**DIRECTIONS FOR THIS TASK:** Below are some records. Output the lines from the first one through the line that holds "Di hadapan para", exactly as written, with no pictures.

**TASK INPUTS:**
╭──

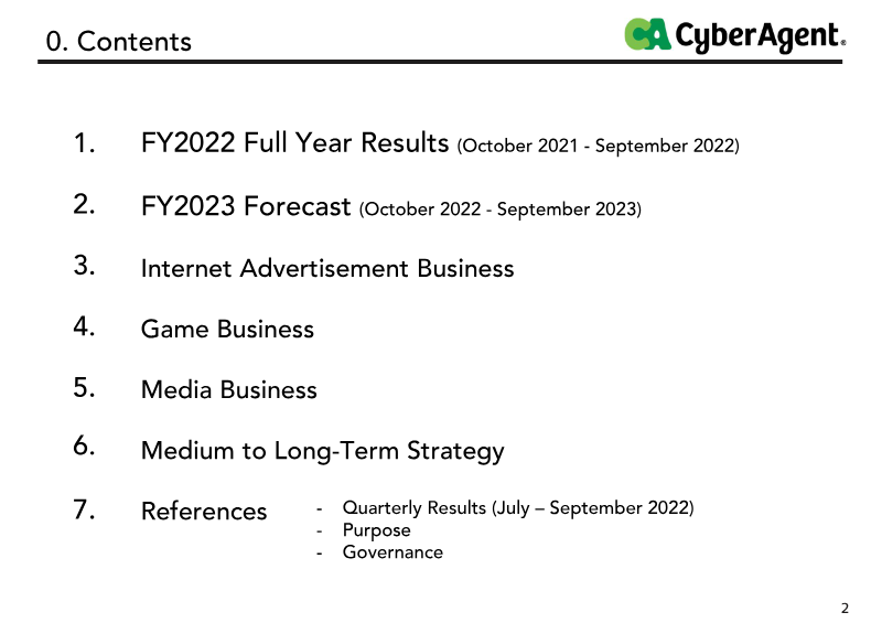 Performance varied significantly across business segments. The Media Business, which includes ABEMA and Ameba, saw a 34% increase in net sales to ¥33,485 million, driven largely by the distribution of the FIFA World Cup Qatar 2022. However, high content and distribution costs led to an expanded operating loss of ¥9,356 million for the segment. The Internet Advertisement Business remained a stable core, growing sales by 8.9% to ¥95,639 million, though operating income dipped 13% due to economic conditions. Conversely, the Game Business experienced a sharp decline, with sales falling 29.9% to ¥40,916 million and operating income dropping 69.6% to ¥5,212 million as major titles moved away from their anniversary peaks.
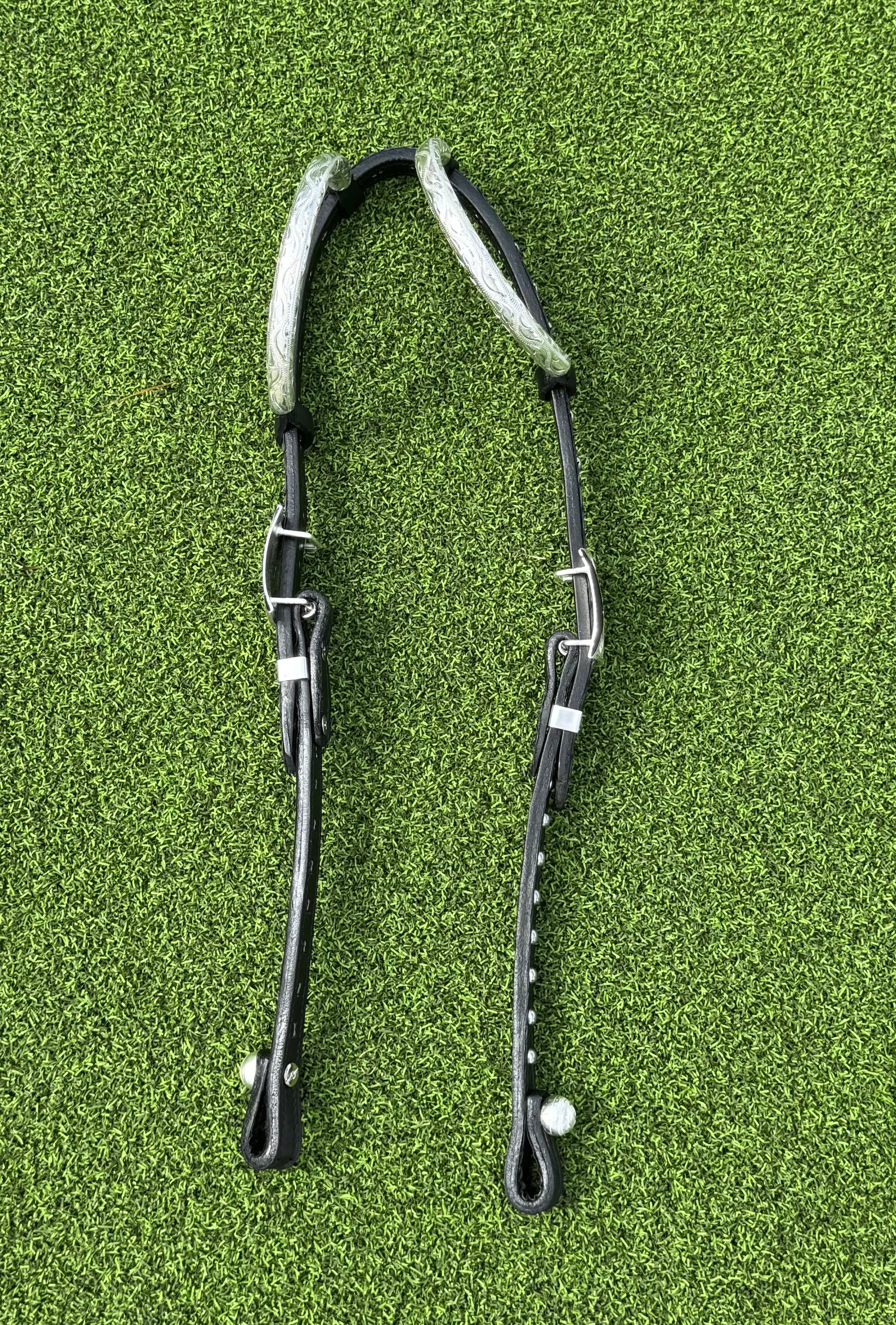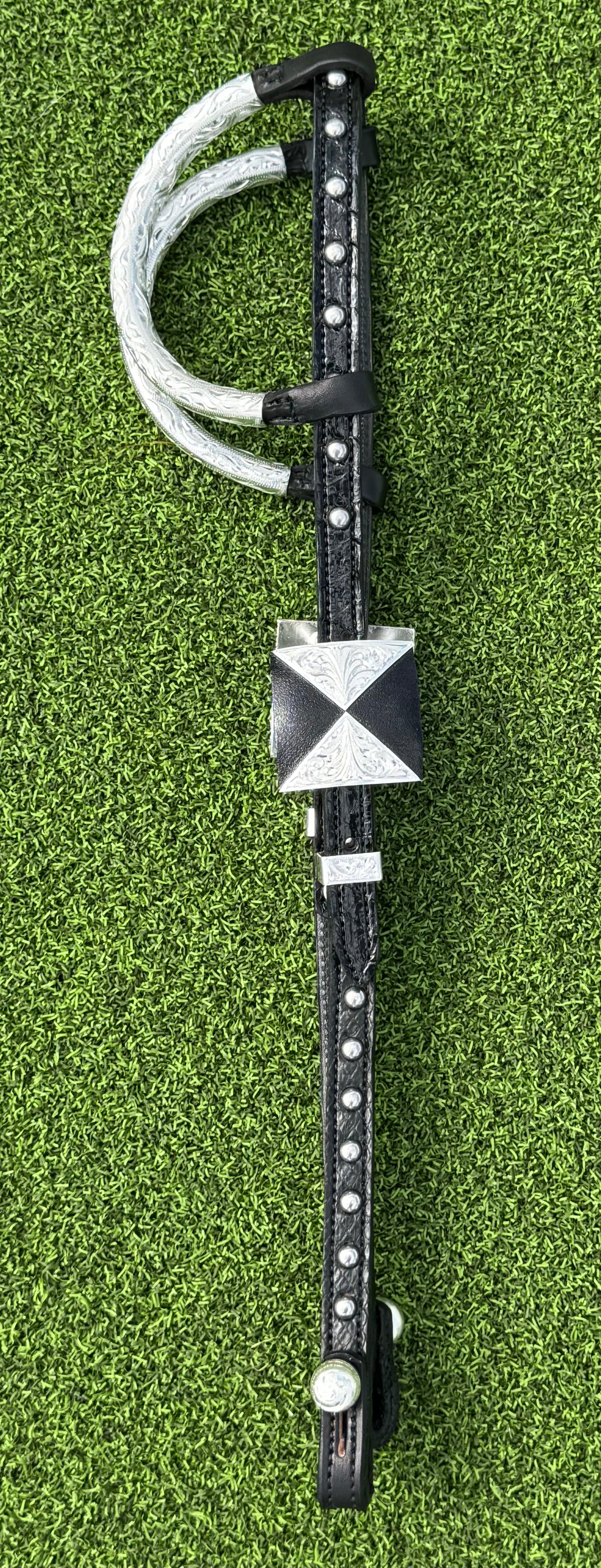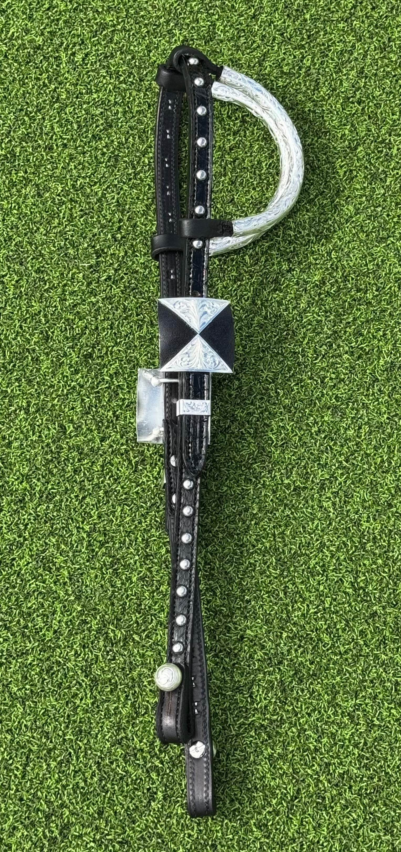 Black Herman Oak leather with black patent python over the crown and black matte python on cheeks.  Stainless steel spots, quick change bit ends and German silver buckles that look like a bow tie from a distance. Last photo shows how sharp these buckles look on. Horse size.
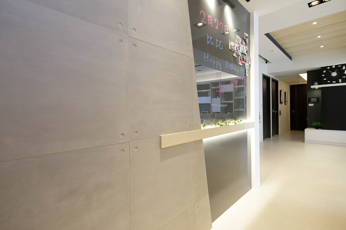 牆邊樑柱以樂土包覆,呼應對側相同材質的清水模質感牆面。鞋櫃內側選用童趣的彩色層板,鼓勵孩子們自己收納鞋子;烤漆玻璃製成的塗鴉牆是家人記錄大小事的好所在,下方木作扶手則是專為爺爺規劃的無障礙設計,搭配天花板隔柵造型,完成一處美觀與功能兼具的生活空間,也徹底展現設計師貼心與專業。
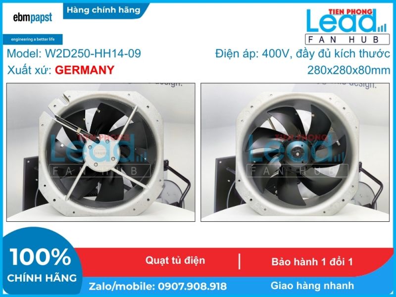 Quạt hút EBMPAPST W2D250-HH14-09, 400/460VAC, 280x280x80mm
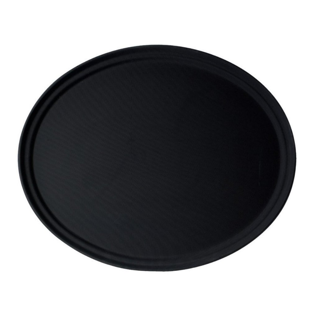 Tento oválný podnos v černém provedení se hodí pro cateringové společnosti, hotelové pokojové služby a bankety, kde se manipuluje s těžkým nádobím. Díky protiskluzové povrchové úpravě pomáhá podnos vašim hostům v tom, aby jim nesené jídlo neklouzalo a lépe se jim tak s plným podnosem manipulovalo. Je parádně stohovatelný, takže se dobře skladuje. Vhodný do myček na nádobí a do teploty max. 100 °C.Podnos protiskluzový oválný 73,5 × 60 cm, černá
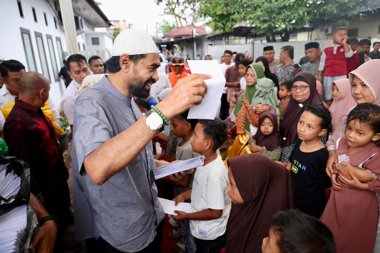 Di hadapan para tamu dan pejabat yang hadir, Mualem secara langsung menyerahkan santunan berupa uang tunai dan bingkisan kepada anak-anak yatim. Penyerahan dilakukan secara personal, satu per satu, sambil menyapa dan memberikan semangat kepada mereka.
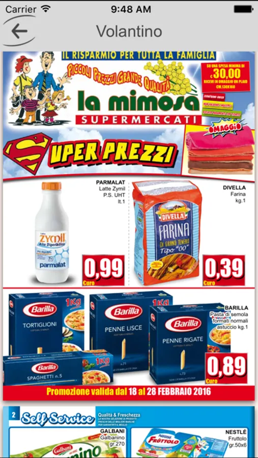 Con la nostra applicazione sarai sempre aggiornato sul volantino e sulle offerte giornaliere e in più potrai ricevere vantaggiosi coupons da utilizzare nel nostro supermercato!
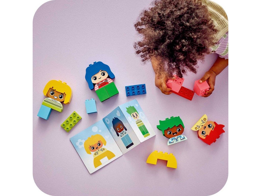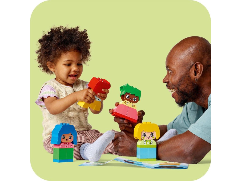 Kognitivní vzdělávací stavebnice Moje první pocity a emoce dětem pomáhá porozumět vlastním pocitům. Součástí jsou 4 různorodé postavy, z nichž má každá dva výrazy, a sada tak dětem umožňuje ukázat, jak se právě cítí. Zvídavé děti vědí, že lidé mají nejrůznější podoby, a s touto inkluzivní hračkou ještě lépe porozumí tomu, že se každý člověk může lišit od těch ostatních. Batolata při stavění postaviček z kostek prohloubí svou kreativitu a jemné motorické dovednosti. Poskládají figurky s vlasy a oblečením stejné barvy a procvičí si poznávání barev – nebo se pustí do stavění figurek v kontrastních odstínech. V této stavebnici LEGO DUPLO najdete řadu kostek zajímavých tvarů, které přímo lákají ke zkoumání malými prstíky,a batolata se s nimi mohou těšit na nekonečné tvoření.
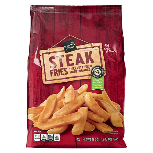 Season's Choice Steak Fries make a great side for dinner or snack for lunch. Try these thick cut French fried potatoes on those nights or afternoons when you need something quick and easy to make. Pair them with chicken nuggets for the kids or homemade burgers for the entire family to enjoy.
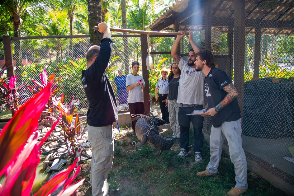 Após ser capturado o jacaré foi levado ao Centro Ecológico Projeto Caimam, submetido a avaliação clínica veterinária, medição, pesagem e sexagem, coleta de sangue, marcação, implantação de microchip debaixo da pele.
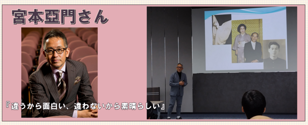 『違う』こと を取り入れることで『面白い』ものを生み出すことができる。そして、そこで生み出される感動は誰も 『違わない』、それは『素晴らしい』ことである、という言葉で締めくくられました。

╰──

**RESPONSE TO THE TASK:**
 Performance varied significantly across business segments. The Media Business, which includes ABEMA and Ameba, saw a 34% increase in net sales to ¥33,485 million, driven largely by the distribution of the FIFA World Cup Qatar 2022. However, high content and distribution costs led to an expanded operating loss of ¥9,356 million for the segment. The Internet Advertisement Business remained a stable core, growing sales by 8.9% to ¥95,639 million, though operating income dipped 13% due to economic conditions. Conversely, the Game Business experienced a sharp decline, with sales falling 29.9% to ¥40,916 million and operating income dropping 69.6% to ¥5,212 million as major titles moved away from their anniversary peaks.
 Black Herman Oak leather with black patent python over the crown and black matte python on cheeks.  Stainless steel spots, quick change bit ends and German silver buckles that look like a bow tie from a distance. Last photo shows how sharp these buckles look on. Horse size.
 牆邊樑柱以樂土包覆,呼應對側相同材質的清水模質感牆面。鞋櫃內側選用童趣的彩色層板,鼓勵孩子們自己收納鞋子;烤漆玻璃製成的塗鴉牆是家人記錄大小事的好所在,下方木作扶手則是專為爺爺規劃的無障礙設計,搭配天花板隔柵造型,完成一處美觀與功能兼具的生活空間,也徹底展現設計師貼心與專業。
 Quạt hút EBMPAPST W2D250-HH14-09, 400/460VAC, 280x280x80mm
 Tento oválný podnos v černém provedení se hodí pro cateringové společnosti, hotelové pokojové služby a bankety, kde se manipuluje s těžkým nádobím. Díky protiskluzové povrchové úpravě pomáhá podnos vašim hostům v tom, aby jim nesené jídlo neklouzalo a lépe se jim tak s plným podnosem manipulovalo. Je parádně stohovatelný, takže se dobře skladuje. Vhodný do myček na nádobí a do teploty max. 100 °C.Podnos protiskluzový oválný 73,5 × 60 cm, černá
 Di hadapan para tamu dan pejabat yang hadir, Mualem secara langsung menyerahkan santunan berupa uang tunai dan bingkisan kepada anak-anak yatim. Penyerahan dilakukan secara personal, satu per satu, sambil menyapa dan memberikan semangat kepada mereka.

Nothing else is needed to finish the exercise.